### Entries supplied:
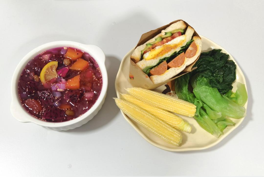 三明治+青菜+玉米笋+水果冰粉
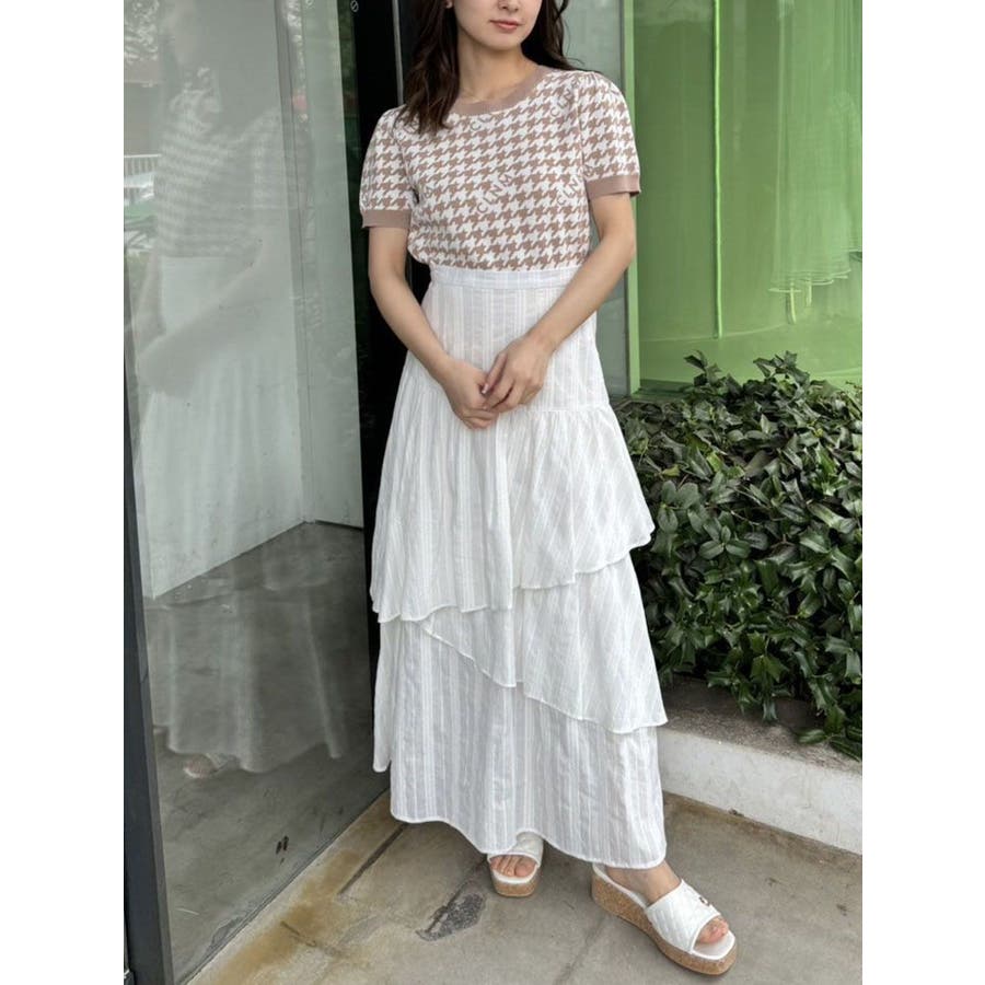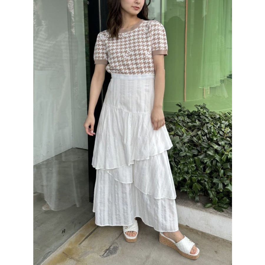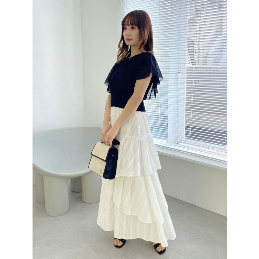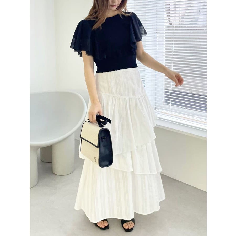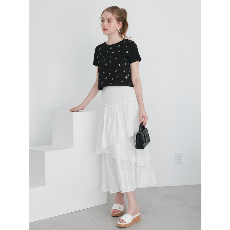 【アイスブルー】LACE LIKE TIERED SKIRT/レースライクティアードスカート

---

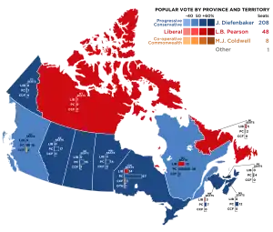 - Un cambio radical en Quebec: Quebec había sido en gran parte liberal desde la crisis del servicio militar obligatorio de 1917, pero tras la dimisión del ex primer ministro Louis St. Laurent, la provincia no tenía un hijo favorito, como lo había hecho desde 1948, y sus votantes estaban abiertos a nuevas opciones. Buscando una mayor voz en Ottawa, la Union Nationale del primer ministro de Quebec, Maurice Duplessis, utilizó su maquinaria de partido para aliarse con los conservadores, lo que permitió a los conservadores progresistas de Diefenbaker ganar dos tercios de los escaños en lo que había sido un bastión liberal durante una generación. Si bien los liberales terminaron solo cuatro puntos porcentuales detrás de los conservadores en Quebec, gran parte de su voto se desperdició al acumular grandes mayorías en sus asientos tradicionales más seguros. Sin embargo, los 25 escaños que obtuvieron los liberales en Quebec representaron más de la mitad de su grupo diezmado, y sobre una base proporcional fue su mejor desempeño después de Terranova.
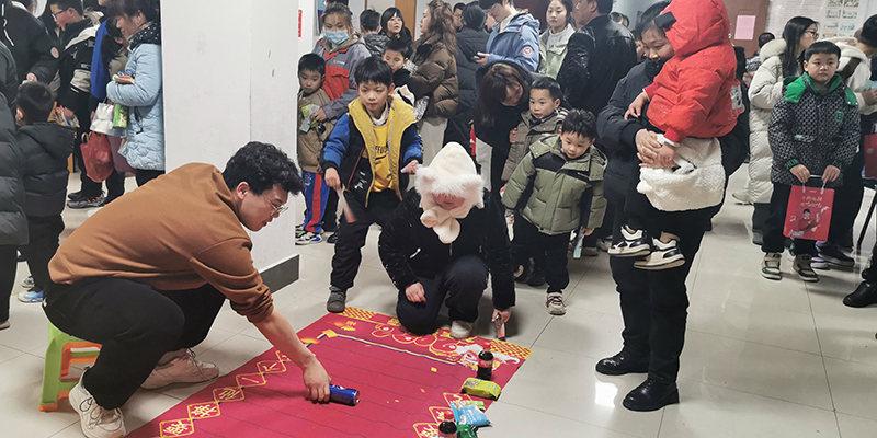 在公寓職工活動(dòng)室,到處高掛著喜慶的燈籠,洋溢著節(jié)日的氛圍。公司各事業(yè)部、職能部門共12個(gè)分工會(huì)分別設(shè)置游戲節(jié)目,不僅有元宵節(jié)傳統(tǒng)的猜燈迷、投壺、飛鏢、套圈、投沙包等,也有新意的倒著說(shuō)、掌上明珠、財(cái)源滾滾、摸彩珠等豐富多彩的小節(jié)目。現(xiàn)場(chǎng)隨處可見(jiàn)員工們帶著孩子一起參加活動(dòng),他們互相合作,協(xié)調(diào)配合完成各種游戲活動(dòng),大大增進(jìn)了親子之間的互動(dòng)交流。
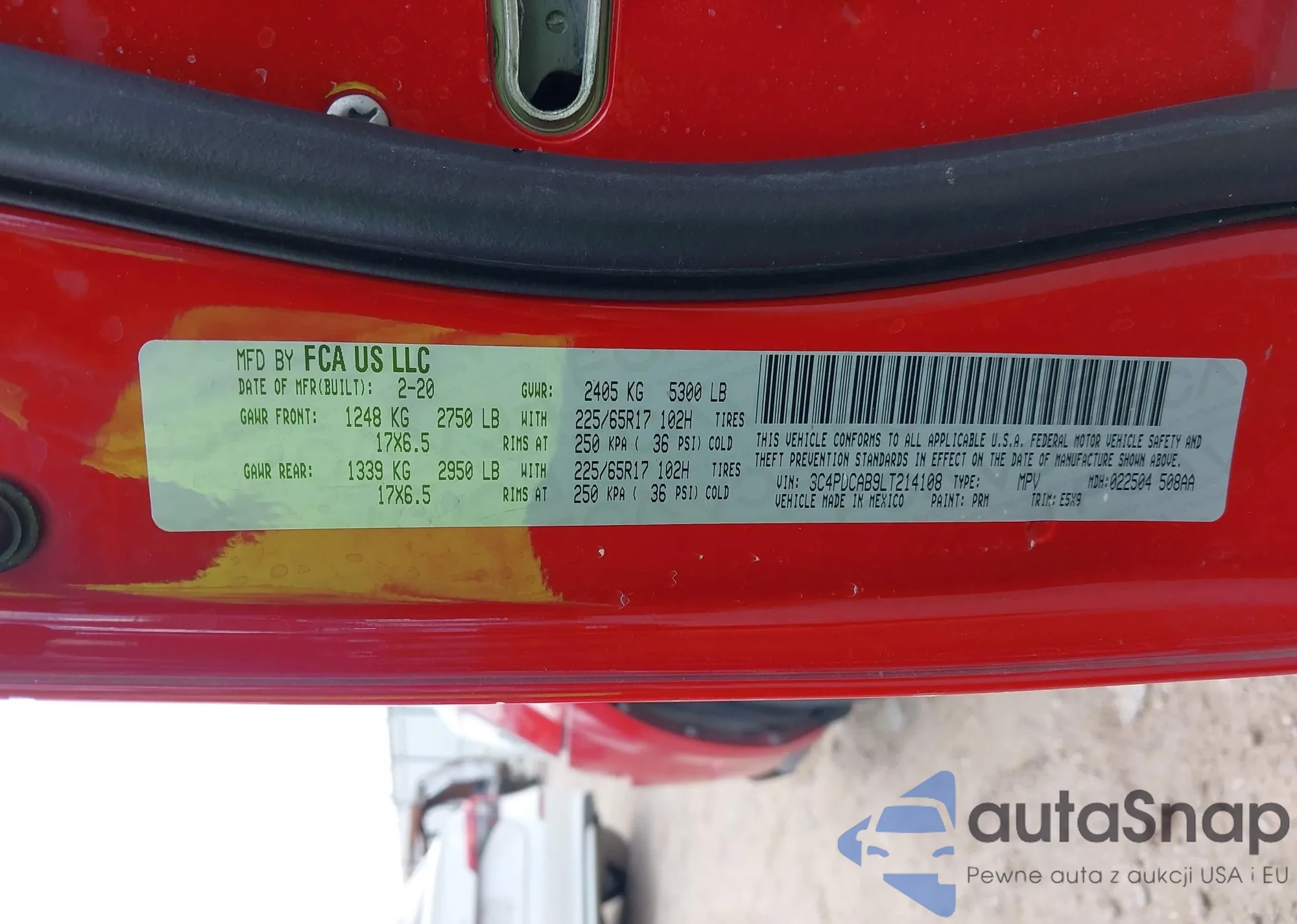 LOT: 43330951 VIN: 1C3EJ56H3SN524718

==

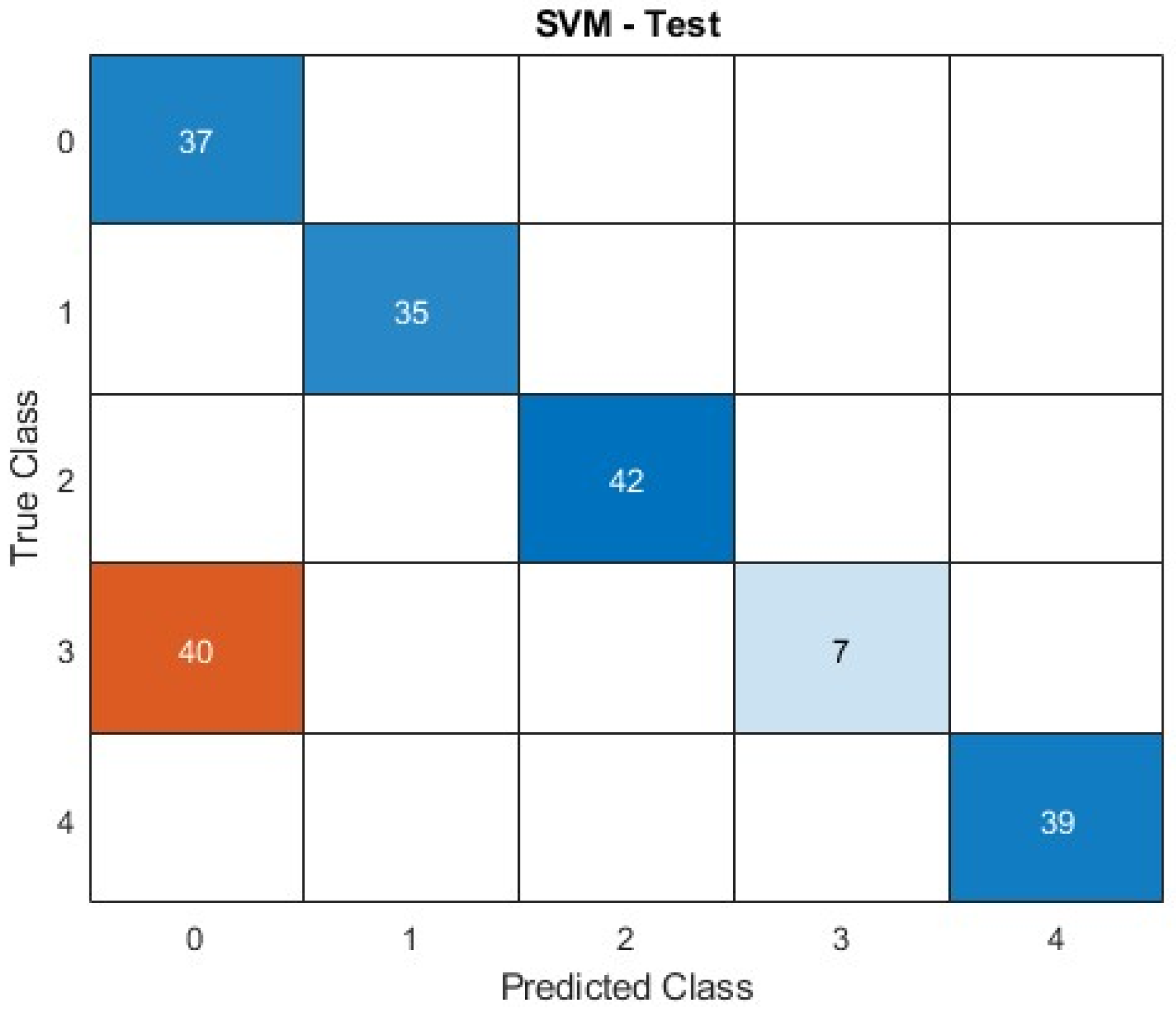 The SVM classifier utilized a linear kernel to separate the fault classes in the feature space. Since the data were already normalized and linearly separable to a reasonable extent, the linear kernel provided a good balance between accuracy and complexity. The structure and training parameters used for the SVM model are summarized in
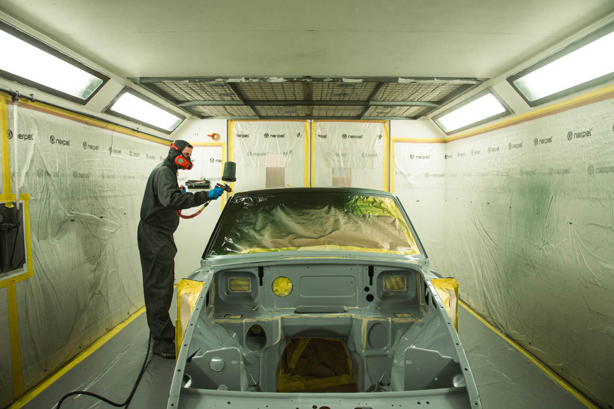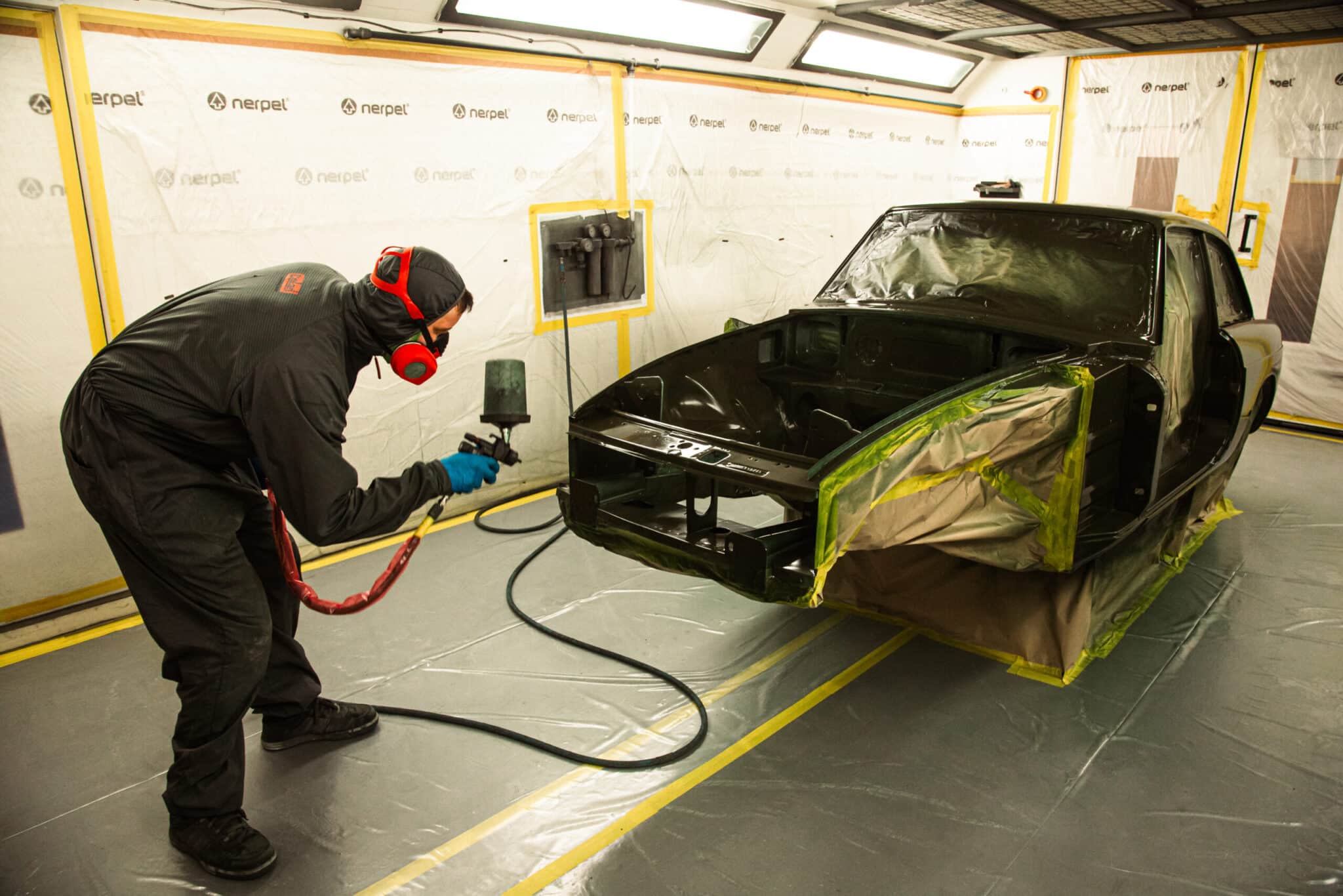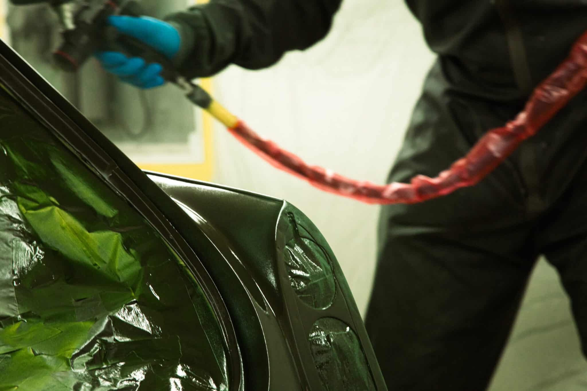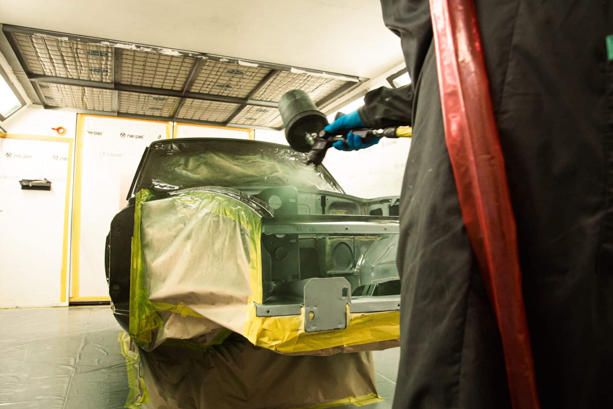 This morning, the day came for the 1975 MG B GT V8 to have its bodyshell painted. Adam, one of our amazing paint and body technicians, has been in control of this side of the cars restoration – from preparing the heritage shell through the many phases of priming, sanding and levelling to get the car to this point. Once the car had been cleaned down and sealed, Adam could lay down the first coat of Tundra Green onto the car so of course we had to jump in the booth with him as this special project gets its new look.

### Exercise aim:
What should come back is an exact copy of the lines above from the line with "三明治+青菜+玉米笋+水果冰粉" to the line with "LIKE TIERED SKIRT/レースライクティアードスカート", both included, minus the pictures.

### Result of the task:
 三明治+青菜+玉米笋+水果冰粉
 【アイスブルー】LACE LIKE TIERED SKIRT/レースライクティアードスカート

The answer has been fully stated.